Empat rekrutan pertama tergeletak di lantai dengan hidung atau bibir yang robek hanya dalam beberapa detik. Eltanin mengawasi yang lainnya seperti elang dengan rambut di dahinya dan darah di tinjunya. Keringat menetes di bahunya dan torsonya. Dia tampak seolah ingin membunuh mereka semua.
Fafnir menelan ludah ketika keringat bercucuran darinya. Dengan keadaan ini, raja mungkin akan membunuh semua prajurit itu.
"Selanjutnya!" Eltanin menggeram, ekspresinya seperti singa yang terluka. Tak lama, dua lagi tergeletak, merangkak di lantai.
"Prajurit-prajurit ini baru," cegah Fafnir. "Masih dalam pelatihan..."
Eltanin memutar kepalanya ke arah Fafnir. Dia mengerutkan kening dan mengeluarkan raungan rendah yang mengancam. Tanpa peringatan, dia melompat keluar dari arena dan berlari ke belakang istana. Beberapa saat kemudian, Eltanin berubah menjadi serigala hitam yang besar dan berlari ke dalam hutan. Di sana, ia bertemu dengan Fafnir, Pangeran Rigel, dan selusin prajurit, semuanya dalam bentuk serigala. Serigala Fafnir adalah binatang abu-abu, sementara serigala Rigel berwarna putih.
Rigel menggeram dalam kemarahan pada Eltanin. 'Kembali!' Rigel bisa membangun hubungan pikiran dengannya karena ketika mereka muda, ia telah memberikan sumpah darah kepada Eltanin. Dengan sumpah itu, ia bisa mendengar pikiran Eltanin dan sebaliknya hanya jika mereka mengizinkan. Sekarang, Rigel mencoba untuk merobohkan perisai mental kuat yang telah ia bangun.
Hujan turun dengan lebatnya. Tanah terlalu berlumpur, tetapi Eltanin tidak peduli. Ia harus berlari, harus melakukan sesuatu untuk meredakan amarah dan kecemasannya. Ada sesuatu yang salah dengannya, sesuatu yang membuatnya gila. Rasionalitas, logika, penalaran adalah kekuatannya. Tetapi perasaan ini — itu di luar pemahaman. Jadi, Eltanin berlari seperti binatang lagi. Lebih cepat dari sebelumnya.
'Eltanin!' Rigel berteriak padanya.
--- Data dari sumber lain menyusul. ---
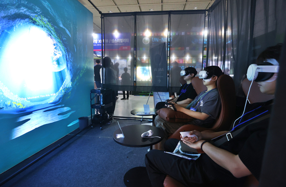 18일 서울 강남구 코엑스에서 ‘2025 메타버스 엑스포’가 열렸다. 위쪽부터 순서대로 가상현실(VR) 명상 체험. 현대차그룹의 4족 보행 로봇 스팟. 아비만의 로봇 캡슐 뽑기 시연. [연합뉴스, 뉴스1]

Tapi Eltanin tidak mendengarkan.
Mereka kembali ke istana sedikit setelah sore hari, basah kuyup dan kehabisan nafas. Eltanin berubah kembali dan masuk ke kamar tidurnya. Ia lelah, dan amarahnya telah sedikit reda. Pada akhirnya, ia memahami bahwa ini hanya gelisah dan tidak ada hubungannya dengan gadis itu. Tidak ada yang harus ia takuti.
Di kamar mandinya, dua pelayan menunggu untuk memandikannya. Ia melepas pakaian dan melangkah ke dalam bak mandi marmer. Ia bersandar di sandaran kepala dan menutup mata, membiarkan pelayan membersihkan setiap pori tubuhnya.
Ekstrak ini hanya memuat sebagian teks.